_Problem to solve:_
Below is a listing. Write out exactly its lines between the one holding "En el video" and the one holding "18K Rose Gold", inclusive.

Available records: Begin

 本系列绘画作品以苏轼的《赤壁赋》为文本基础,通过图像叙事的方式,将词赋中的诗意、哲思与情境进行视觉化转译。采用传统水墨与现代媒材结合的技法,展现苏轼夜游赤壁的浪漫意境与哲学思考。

Available records: End
Available records: Begin

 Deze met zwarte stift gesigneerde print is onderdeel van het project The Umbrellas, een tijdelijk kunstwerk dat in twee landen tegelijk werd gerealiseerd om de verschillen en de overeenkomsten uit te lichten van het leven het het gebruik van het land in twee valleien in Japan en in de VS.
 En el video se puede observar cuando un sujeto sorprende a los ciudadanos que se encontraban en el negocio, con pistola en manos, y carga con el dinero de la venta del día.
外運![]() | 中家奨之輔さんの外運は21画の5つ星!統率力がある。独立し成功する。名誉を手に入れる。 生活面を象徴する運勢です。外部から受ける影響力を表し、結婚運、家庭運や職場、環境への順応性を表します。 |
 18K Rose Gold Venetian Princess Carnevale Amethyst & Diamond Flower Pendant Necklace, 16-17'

Available records: End

_Exercise answer:_
 En el video se puede observar cuando un sujeto sorprende a los ciudadanos que se encontraban en el negocio, con pistola en manos, y carga con el dinero de la venta del día.
外運![]() | 中家奨之輔さんの外運は21画の5つ星!統率力がある。独立し成功する。名誉を手に入れる。 生活面を象徴する運勢です。外部から受ける影響力を表し、結婚運、家庭運や職場、環境への順応性を表します。 |
 18K Rose Gold Venetian Princess Carnevale Amethyst & Diamond Flower Pendant Necklace, 16-17'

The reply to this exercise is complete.